About this exercise. Your output should be the lines below from the one holding "雪風」「★5水城 不知火」「★5秋山 凜子」的轉蛋。" through the one holding "Rescuers transfer stranded", transcribed exactly, with no pictures.

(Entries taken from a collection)
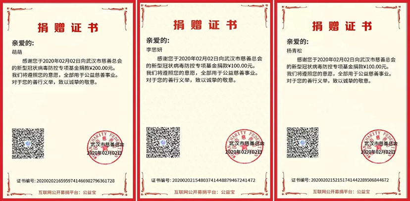 50元、100元、500元……每一張電子捐贈(zèng)證書(shū),都是廣元燃?xì)馊藢?duì)疫區(qū)人民的關(guān)心和支持。以小愛(ài)匯聚大愛(ài),每個(gè)廣元燃?xì)馊硕荚谝宰约旱姆绞截暙I(xiàn)力量,用實(shí)際行動(dòng)支援武漢、共抗疫情,助力打贏這場(chǎng)沒(méi)有硝煙的戰(zhàn)爭(zhēng)!
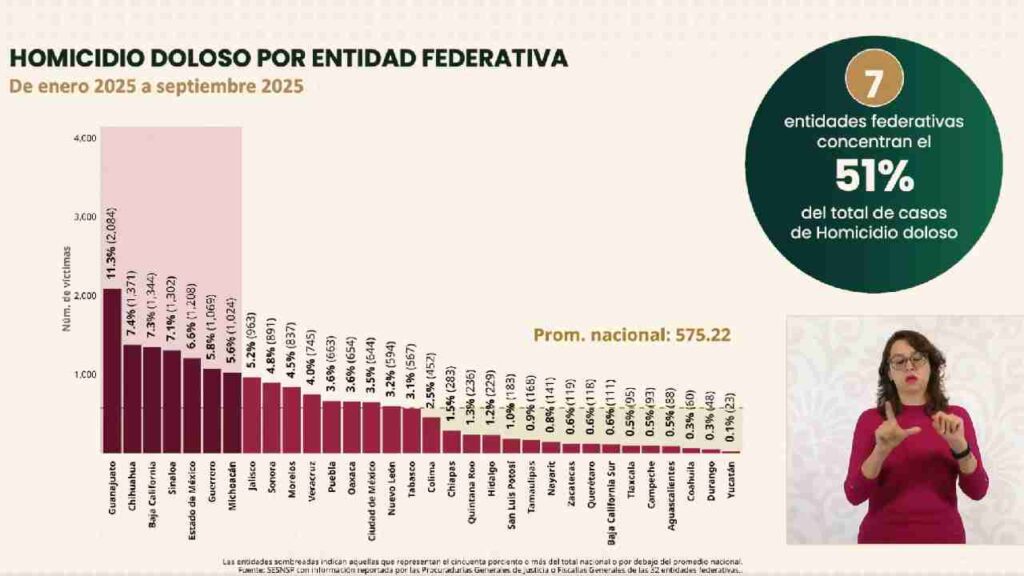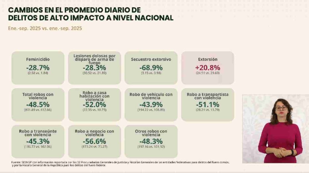 Según el reporte de la Secretaría Ejecutiva del Sistema Nacional de Seguridad Pública, el promedio diario de delitos ha disminuido un 46% desde 2018, incluyendo feminicidios, robos con violencia, robo a transportistas y lesiones dolosas.
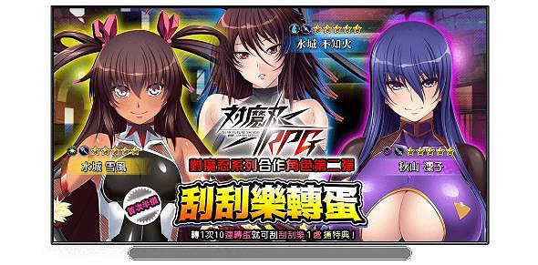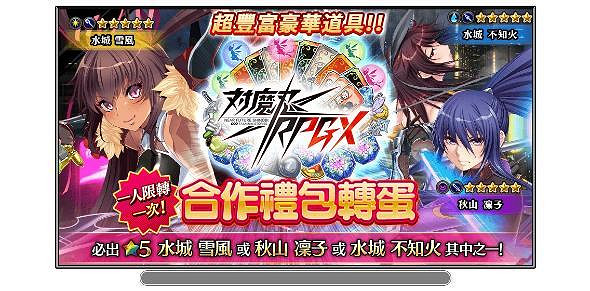 █ 活動內容:可以抽取《對魔忍RPG》人氣角色「★5水城 雪風」「★5水城 不知火」「★5秋山 凜子」的轉蛋。
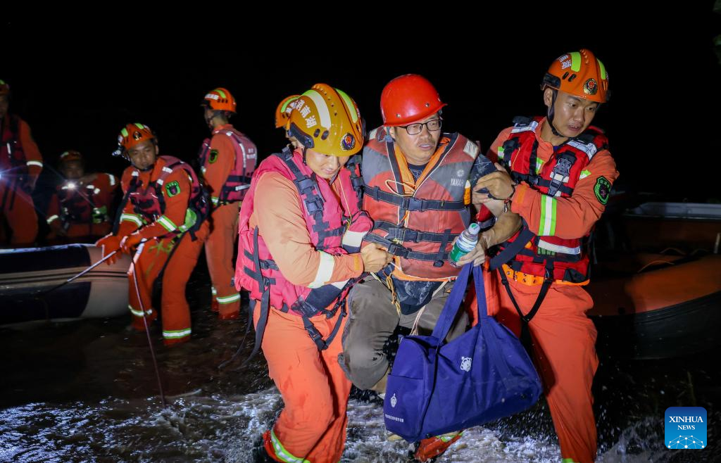 Rescuers transfer stranded residents in Tuanzhou Township, Huarong County under Yueyang City, central China's Hunan Province, July 6, 2024. (Fire and Rescue Department of Hunan/Handout via Xinhua)
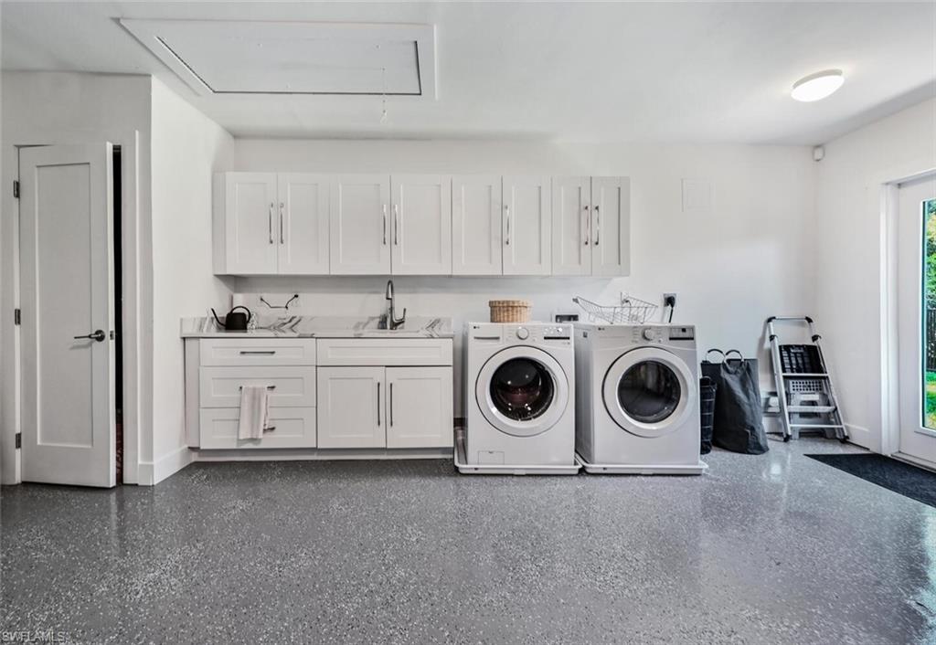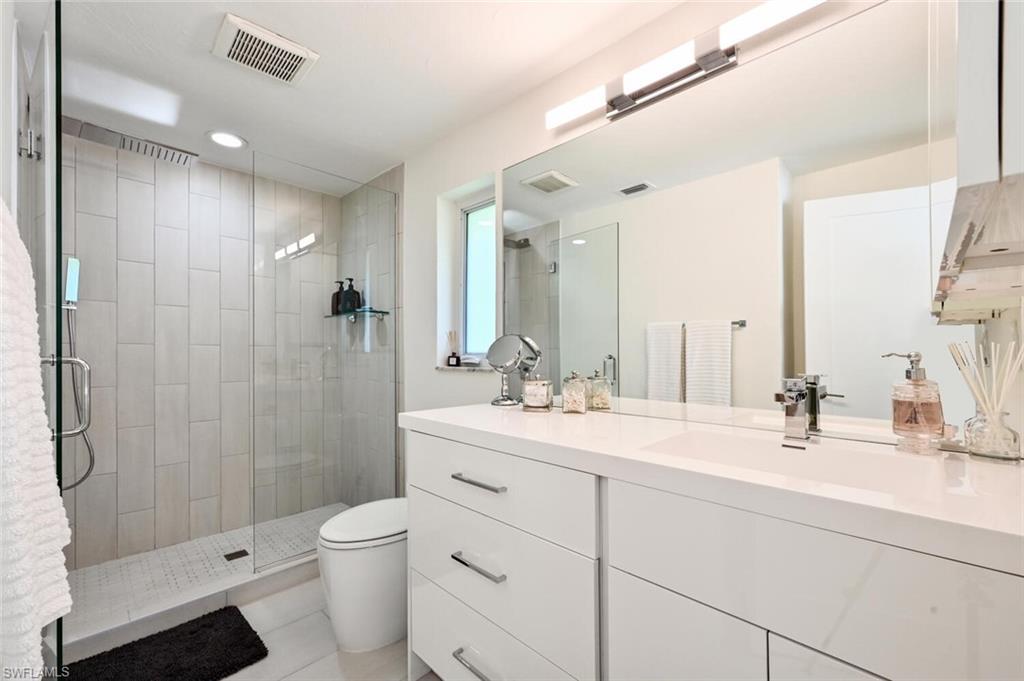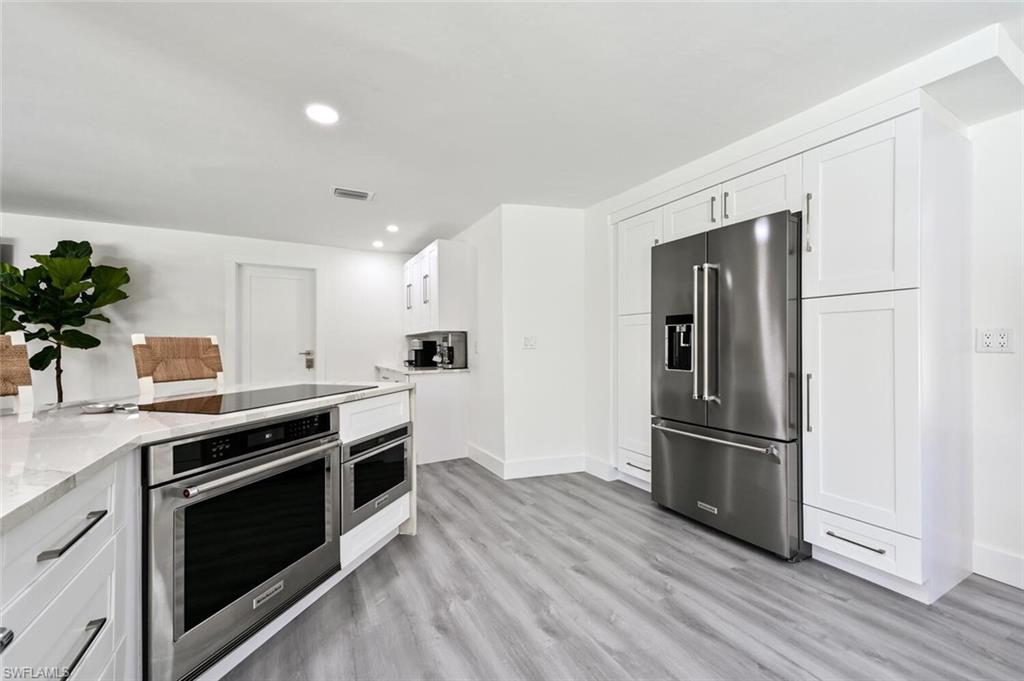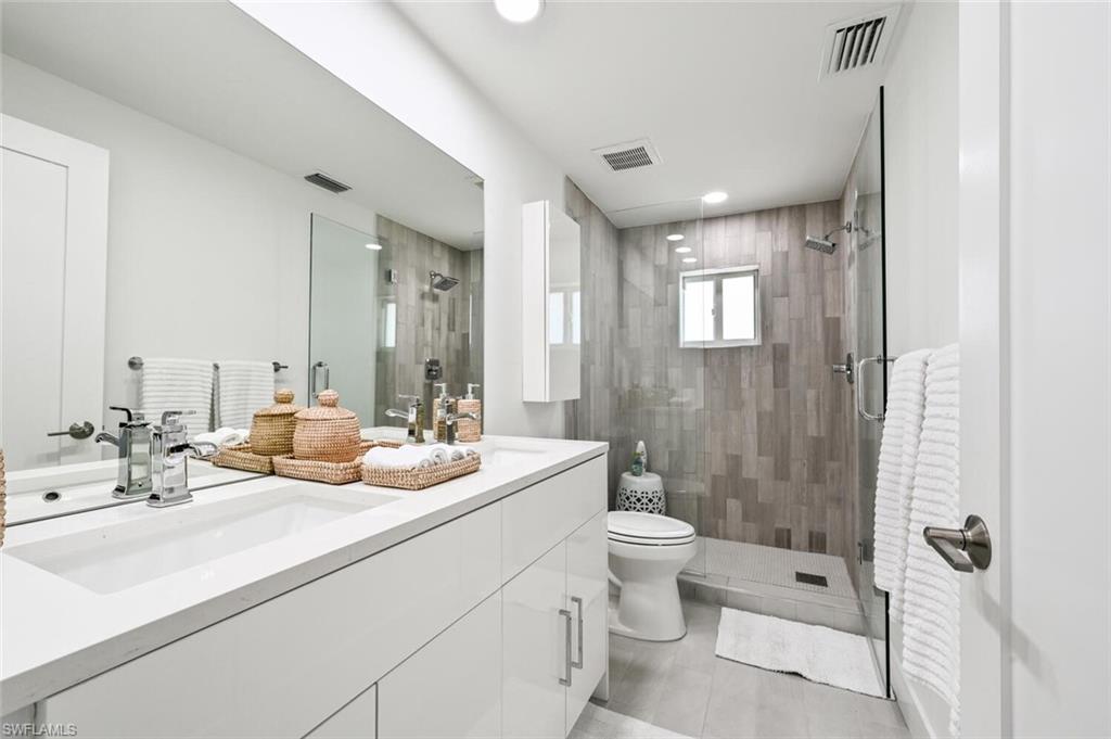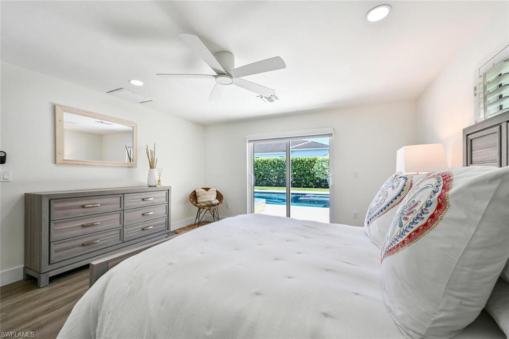 THE BEST VALUE IN PARK SHORE! Perfect location in the heart of Naples. Amazing opportunity to live in Park Shore with PRIVATE BEACH ACCESS. Completely refashioned POOL/SPA home offers 3 bedrooms, study/den, 3 bathrooms, 2 car temperature controlled garage, on a large fully fenced, lushly landscaped private lot. Tastefully decorated in soothing modern tones, this home offers an abundance of natural light throughout the open floor plan. The chef's kitchen is well-appointed with shaker cabinetry,quartz counters & Kitchen Aid appliances. Additional features include woodlook floors throughout, custom closets in every room as well as an abundance of storage, designer lighting and fans, impact doors & windows and window coverings. Enjoy the SW Florida lifestyle to the fullest entertaining on the covered lanai or lounging by the heated pool & spa. Waterfront dining and shopping are just a short walk to Venetian Village or to the private beach for Park Shore residents. Furniture available for purchase with exclusions.
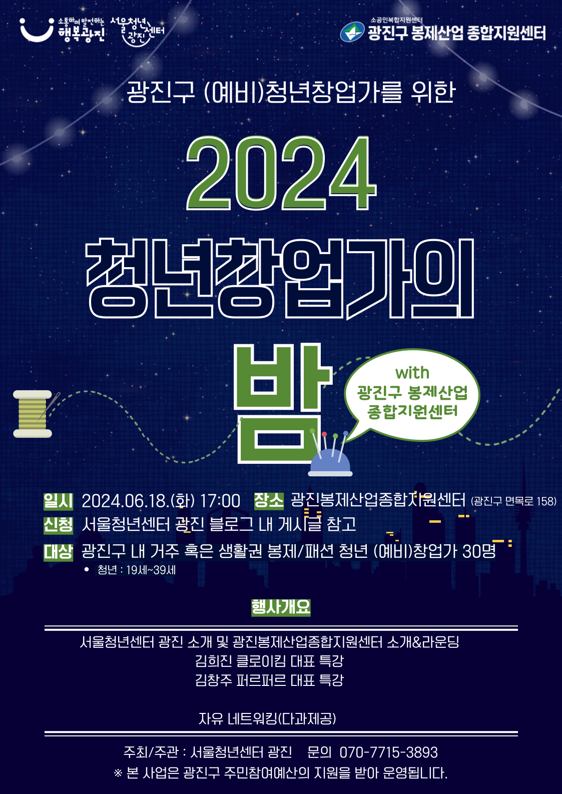 광진구 24년 제3회 청년창업가의 밤 (봉제 패션 분야 청년 (예비)창업가 모집합니다)
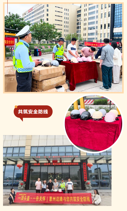 In order to effectively ensure the employees' travel safety and build a solid traffic safety defense line, MTN Huizhou factory recently joined hands with Chenjiang Sub-district Office and Zhongkai Traffic Police Brigade to jointly carry out the "One Helmet, One Care | MTN Huizhou factory Build a Safe Defense Line with You" traffic safety public welfare activity to protect the safety of employees' lives with practical actions.
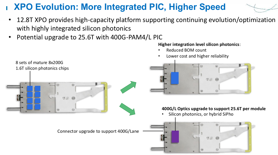 三是XPO有清晰演进路线: 通过硅光高度集成,进一步降低成本,提升可靠性。硅光或混合硅光集成芯片速度提升到400G-PAM4/L,同时配合连接器升级,XPO可提升至25.6T容量。
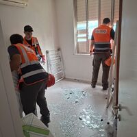 בגזרת בני ברק, חובשים ופראמדיקים של מד"א מעניקים טיפול רפואי ומפנים לבי"ח איכילוב, גבר כבן 60 במצב בינוני עם פציעות רסיסי זכוכית בראש.
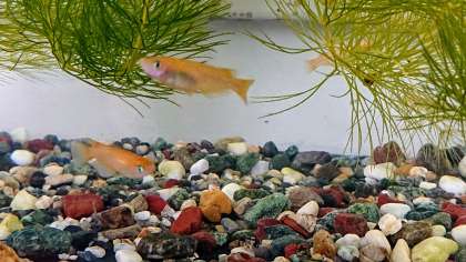 水槽の中には、かわいいメダカがスイスイ〜
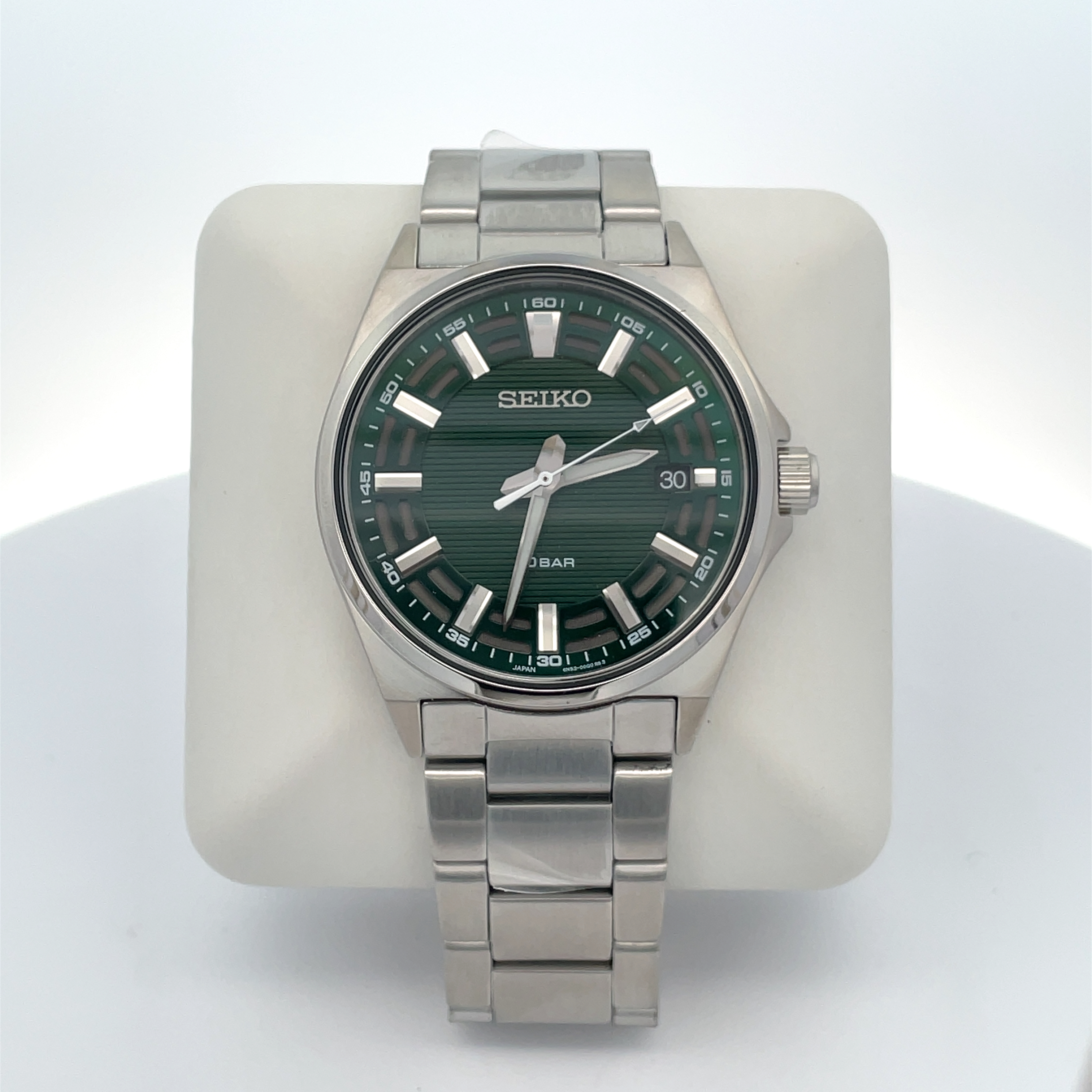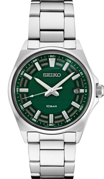 Mens Seiko Essentials Stainless Steel Quartz Watch with Green Dial
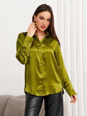 Зеленая нарядная атласная блузка. Сочетает в себе деловой и неформальный стиль. Сочетается с юбкой и брюками.
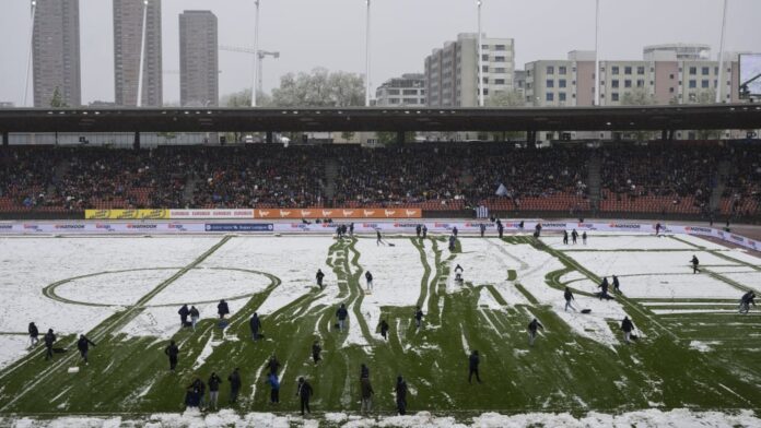 Curiosas escenas en el partido de la primera división suiza entre el FC Zúrich y el FC St. Gallen. Una fuerte nevada pone el partido al borde de la cancelación en los primeros compases, pero entonces intervienen los aficionados
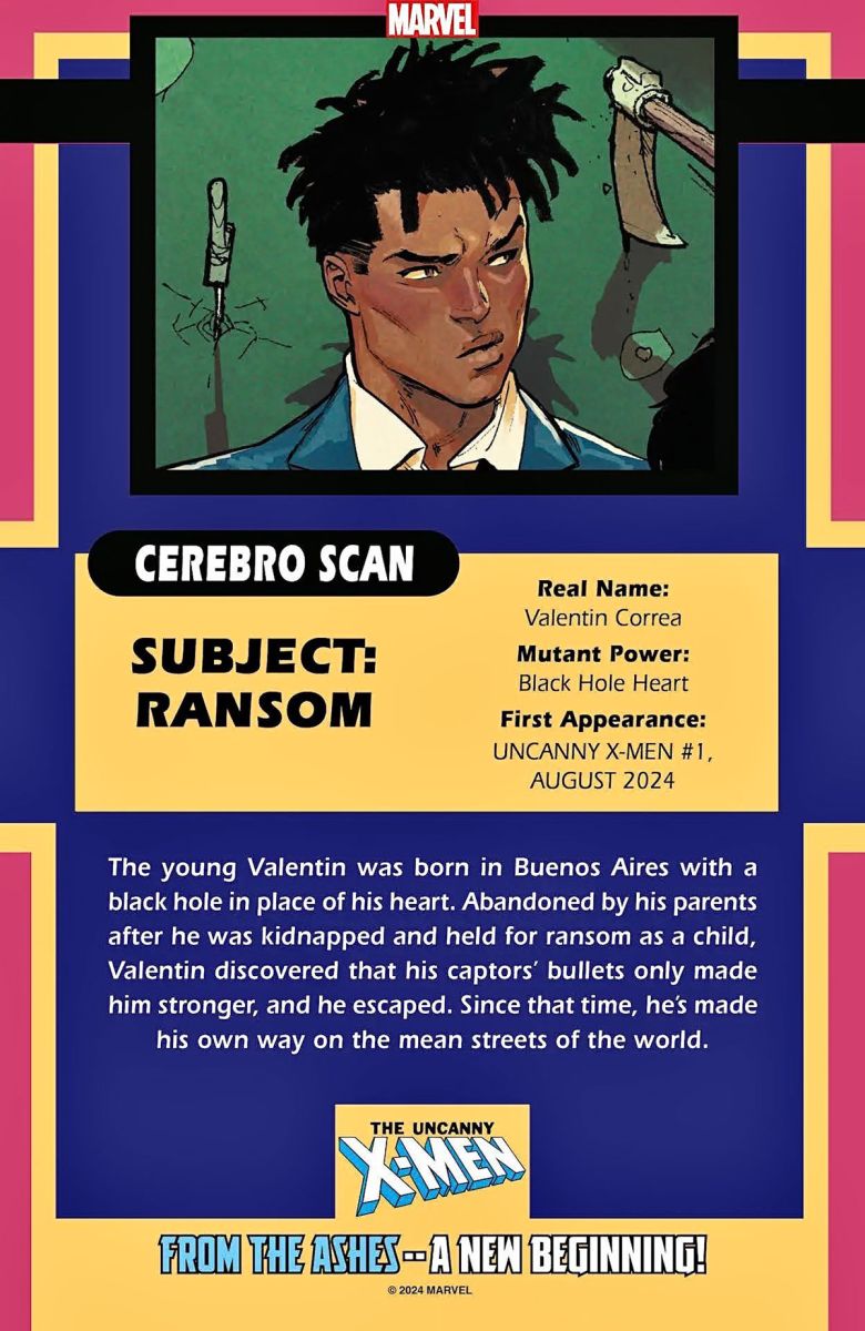 "Desde ese momento se ha abierto camino en las malas calles del mundo", concluye la escueta biografía de Valentín, que aparecerá junto a otros X-Men nuevos en el número 1 del relanzamiento. Valentín Correa todavía ni siquiera se encontró con el Profesor X y ya está dando de qué hablar.

The answer.
 █ 活動內容:可以抽取《對魔忍RPG》人氣角色「★5水城 雪風」「★5水城 不知火」「★5秋山 凜子」的轉蛋。
 Rescuers transfer stranded residents in Tuanzhou Township, Huarong County under Yueyang City, central China's Hunan Province, July 6, 2024. (Fire and Rescue Department of Hunan/Handout via Xinhua)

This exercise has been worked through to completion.